From the Department of Anesthesiology, Hospital for Special Surgery, New York, NY.
Reg Anesth Pain Med. 2018 Oct;43(7):725-731. doi: 10.1097/AAP.0000000000000813.
Previous research suggests that increased duration and lower levels of intraoperative hypotension (IOH) are associated with postoperative acute kidney injury (AKI). However, this association has not been evaluated in the context of intraoperative controlled hypotension (IOCH), a practice that has been linked in the past to improved outcomes with respect to blood loss and transfusion needs. This study aimed to investigate whether IOCH is associated with postoperative AKI among total hip arthroplasty patients at an institution where this technique is commonly practiced.

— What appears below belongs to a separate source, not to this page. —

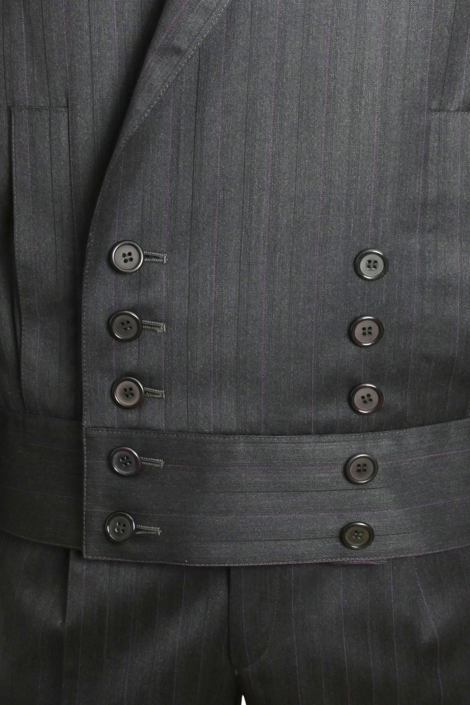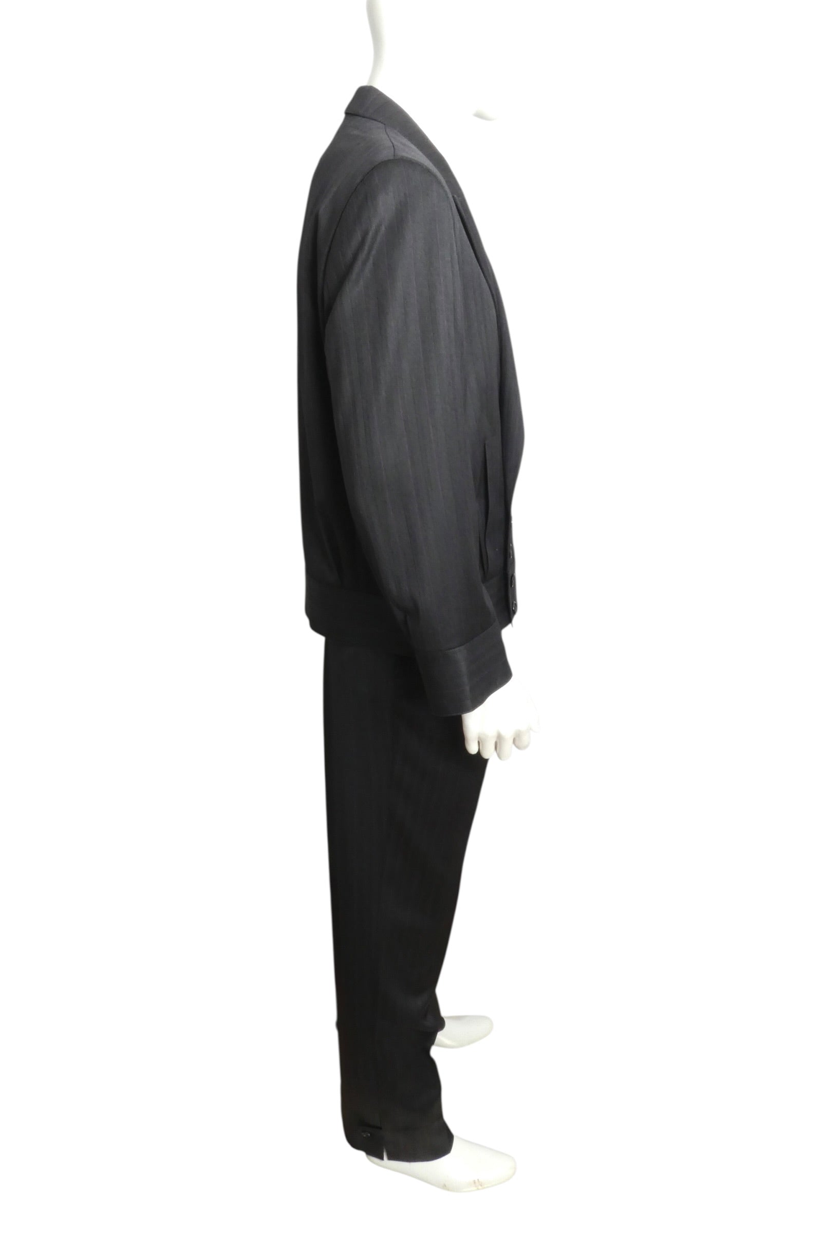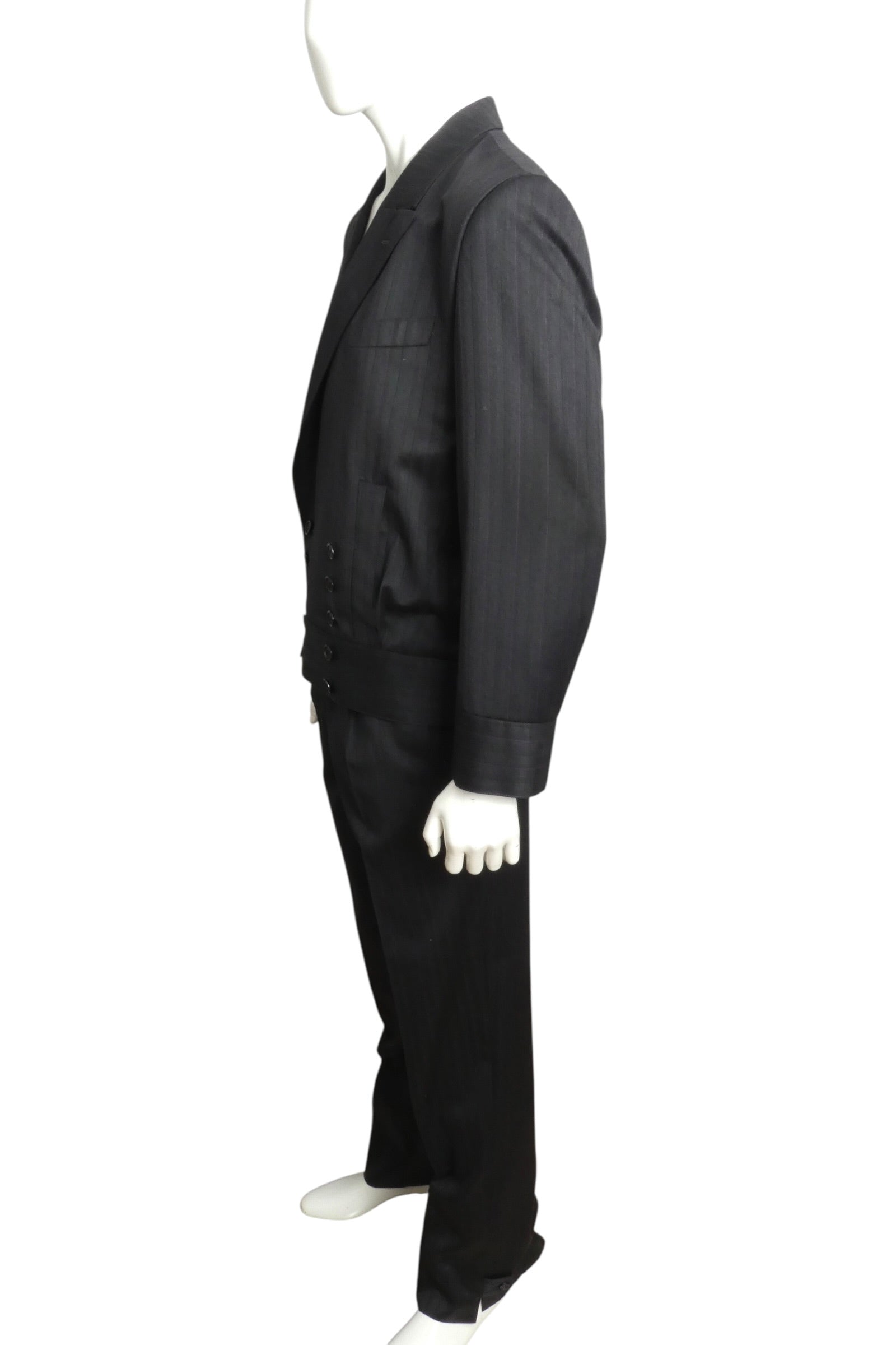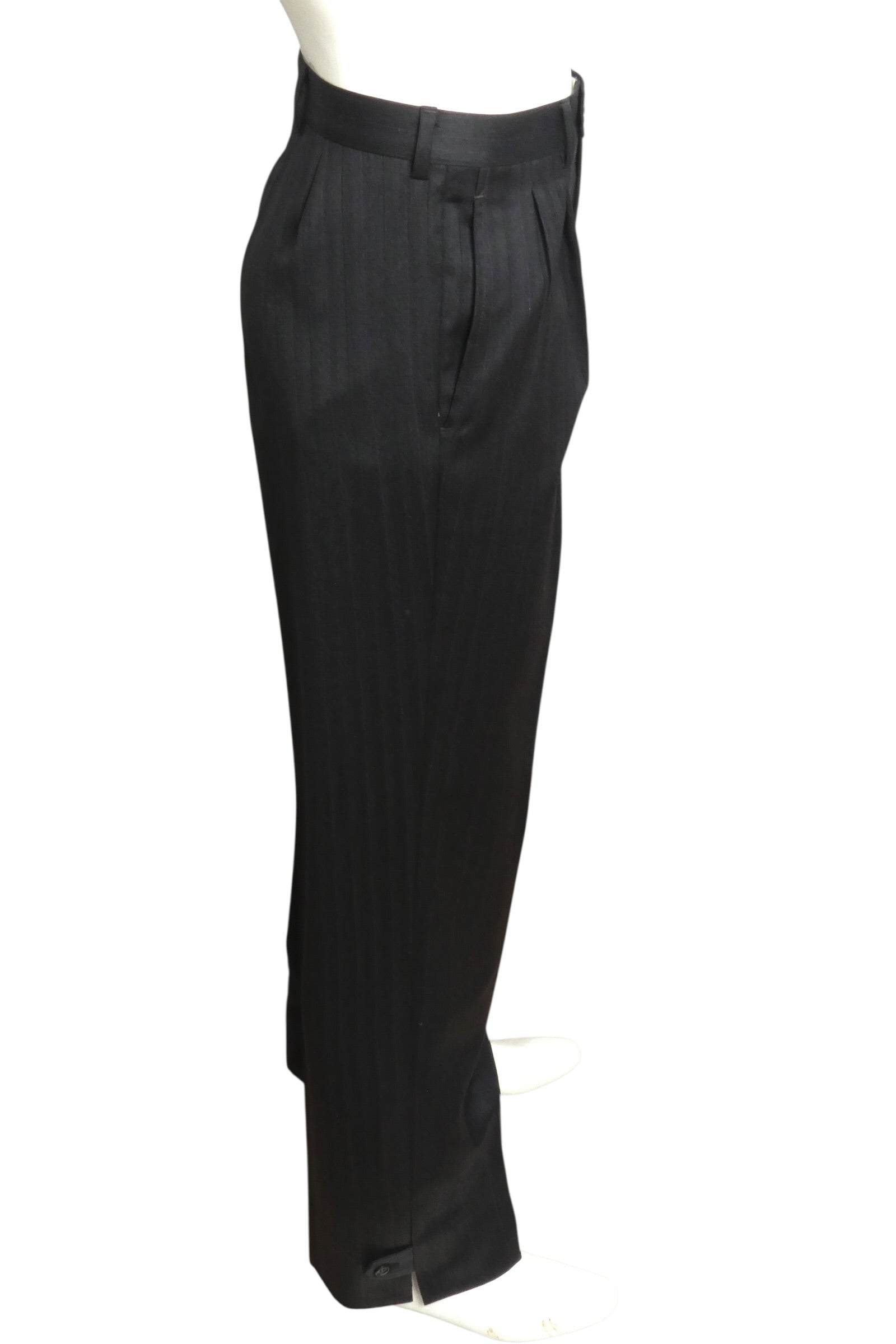Description: This exceptional Pierre Cardin suit from the 1991 collection exemplifies the designer's signature tailoring mastery. Crafted in luxurious black wool pinstripe, the cropped jacket features a commanding wide waistband and ten double-breasted snap closures, complemented by sharp peak lapels and an inset chest pocket. Generous welt pockets at the stomach provide both style and function. The pleated front slacks showcase Cardin's distinctive design with elegant side seam slits at the ankles, finished with tab and button closures. A timeless investment piece for the discerning collector of vintage couture.

We performed a retrospective cohort study of 2431 unilateral total hip arthroplasty patients who received IOCH under neuraxial anesthesia as well as invasive arterial monitoring between March 2016 and January 2017. Multiple logistic regression was used to compute the adjusted odds ratios of postoperative AKI, adjusting for covariates including duration of intraoperative mean arterial pressure of less than 60 mm Hg. Sensitivity analyses also considered the effects of IOH defined at mean arterial pressure of less than 55 and less than 65 mm Hg.

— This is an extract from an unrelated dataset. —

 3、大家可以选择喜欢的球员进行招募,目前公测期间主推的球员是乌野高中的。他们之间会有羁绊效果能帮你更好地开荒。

Acute kidney injury occurred in 45 (1.85%) of the 2431 patients in this cohort. Longer duration of hypotension was not associated with increased odds of postoperative AKI. Preexisting differences, such as compromised renal function, best predicted increased odds of AKI.
In this study, AKI was rare. We found a lack of association between IOH and postoperative AKI in a setting where neuraxial anesthesia-facilitated IOCH is routinely practiced. Therefore, it seems prudent for future research and clinical guidelines to consider the distinction between inadvertent and controlled hypotension.
既往研究提示术中低血压(IOH)持续时间延长和程度加重与术后急性肾损伤(AKI)相关。然而,这一相关性在术中控制性低血压(IOCH)背景下尚未得到评估,该技术过去与减少出血量和输血需求相关,从而改善结局。本研究旨在调查在一个常规应用该技术的机构中,IOCH 是否与全髋关节置换术患者术后 AKI 相关。
我们进行了一项回顾性队列研究,纳入 2431 例行全身麻醉下单侧全髋关节置换术并接受有创动脉监测的患者,这些患者在 2016 年 3 月至 2017 年 1 月期间接受 IOCH。采用多因素逻辑回归计算术后 AKI 的校正比值比,校正变量包括术中平均动脉压低于 60mmHg 的时间。敏感性分析还考虑了平均动脉压低于 55mmHg 和低于 65mmHg 的 IOH 定义的影响。
在该队列的 2431 例患者中,45 例(1.85%)发生 AKI。低血压持续时间较长与术后 AKI 的发生几率增加无关。预先存在的差异,如肾功能受损,可最佳预测 AKI 的发生几率增加。
在本研究中,AKI 罕见。我们发现,在常规实施全身麻醉下 IOCH 的情况下,IOH 与术后 AKI 之间缺乏关联。因此,对于未来的研究和临床指南,考虑将意外性和控制性低血压加以区分似乎是合理的。